Omar Robert Hamilton: Stadt der Rebellion
Als im Januar 2011 die Revolution in Ägypten ausbricht, scheint der Sieg zum Greifen nah. Alle Augen richten sich auf den Tahrir-Platz in Kairo, wo erfolgreich Widerstand gegen die Diktatur Mubaraks geleistet wird. Omar Robert Hamilton, britischer Filmregisseur mit palästinensischen Wurzeln, reist wenige Tage nach Beginn der Aufstände nach Kairo, um sich den Massenprotesten anzuschließen.
Mit Stadt der Rebellion legt er einen mitreißenden Debut-Roman mit autobiografischen Zügen vor.
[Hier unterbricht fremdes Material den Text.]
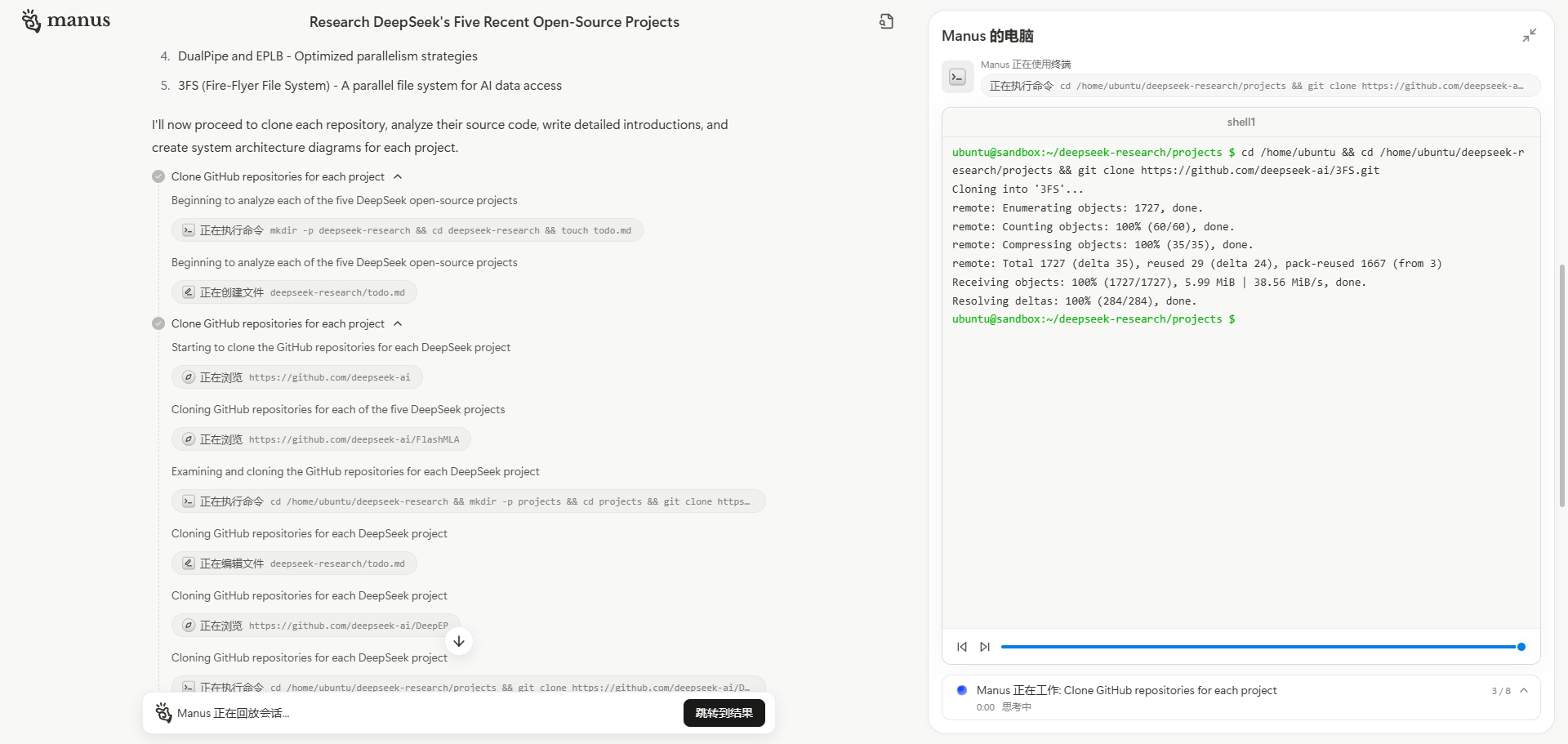 总之,Manus 不仅仅是一个只会聊天的对话式 AI 工具,而是一个真正的自主智能体(Agent)。当其他 AI 可能只停留在生成想法的阶段,而 Manus 能够独立思考并采取行动。Manus在接到用户指令后可以直接操作电脑完成一系列报告撰写、表格制作、代码调试等工作,并在最后导出符合用户需求的产品。
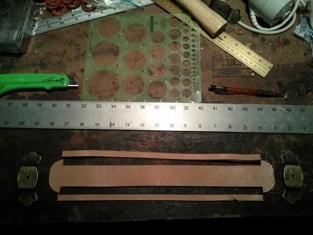 I corte y teñido del cuero para montar las abrazaderas de palanca e incluso ha añadido un relieve "D" en el cuero (como 'Temor' pirata).
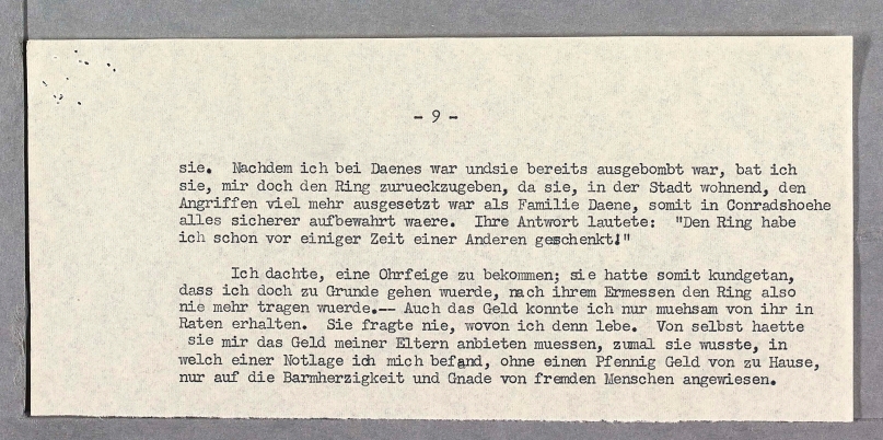 Ich dachte, eine Ohrfeige zu bekommen; sie hatte somit kundgetan, dass ich doch zu Grunde gehen wuerde, nach ihrem Ermessen den Ring also nie mehr tragen wuerde.-- Auch das Geld konnte ich nur muehsam von ihr in Raten erhalten. Sie fragte nie, wovon ich denn lebe. Von selbst haette sie mir das Geld meiner Eltern anbieten muessen, zumal sie wusste, in welch einer Notlage ich mich befand, ohne einen Pfennig Geld von zu Hause, nur auf die Barmherzigkeit und Gnade von fremden Menschen angewiesen.
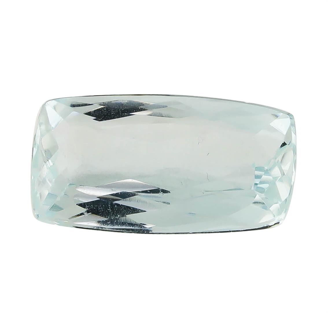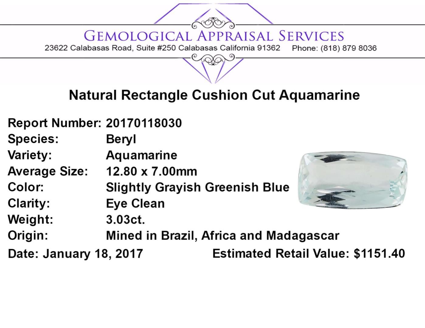 One natural rectangle cushion cut aquamarine with an exact weight of 3.03ct., clarity is eye clean, slightly grayish greenish blue. Gemological Appraisals Services estimates the retail value at $1151.4 GAS Appraised.
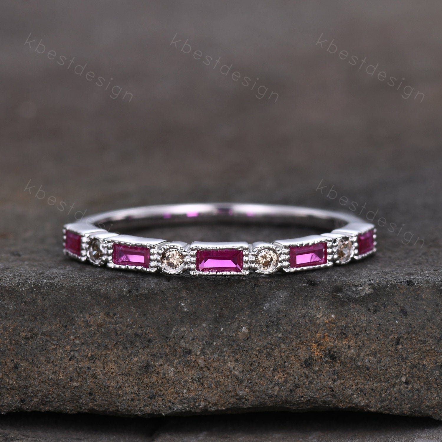 Vintage Ruby Wedding Band Women White Gold Wedding Band Salt and Pepper Diamond Ring Art Deco Stacking Band Anniversary Gift for Her
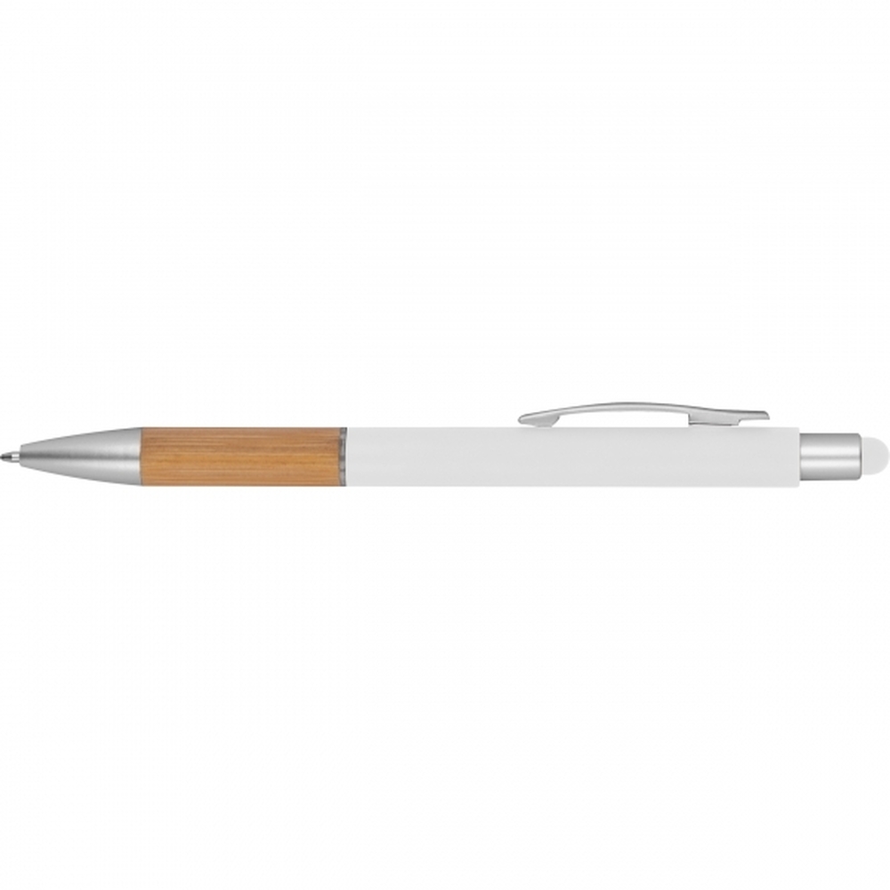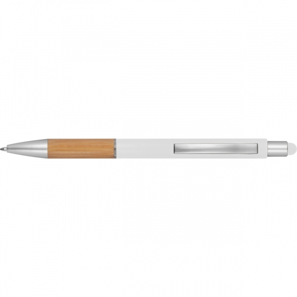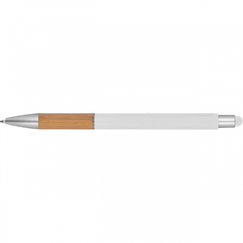 Długopis wykonany z plastiku z bambusową strefą uchwytu, funkcją touch pen do obsługi ekranów dotykowych.
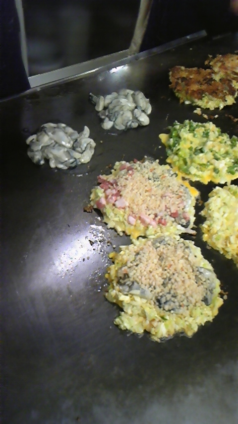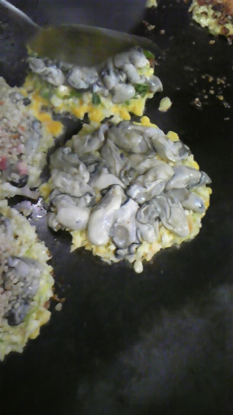略さず、漢字を入れて言うと『牡蠣お好み焼き』です。

Die Collage erzählt mit vielen Stimmen: mit denen der Revolutionär_innen, mit originalen Twitter-Nachrichten, Radiomeldungen und vielen mehr und erzeugt so eine Unmittelbarkeit, deren Sog die Leser_innen ab der ersten Seite mitten ins Geschehen zieht.
Durch den Roman führt meist die Sicht von Khalil, aufgewachsen in Amerika, der Vater aus Palästina, die Mutter aus Ägypten, und Mariam, eine unermüdliche Menschenrechtsaktivistin. Sie verbindet eine Liebe, für die neben dem Kampf für „Brot, Freiheit und soziale Gerechtigkeit“ kaum Zeit bleibt.
Beide sind Teil der „Chaos“-Gruppe, die vom ersten Moment an die Revolution dokumentiert, Proteste koordiniert, Gefangene befreit, Hinterbliebene tröstet. Als Vorbild diente wohl das Aktivisten- und Medienkollektiv „Mosireen“, an dessen Gründung der Autor selbst beteiligt war.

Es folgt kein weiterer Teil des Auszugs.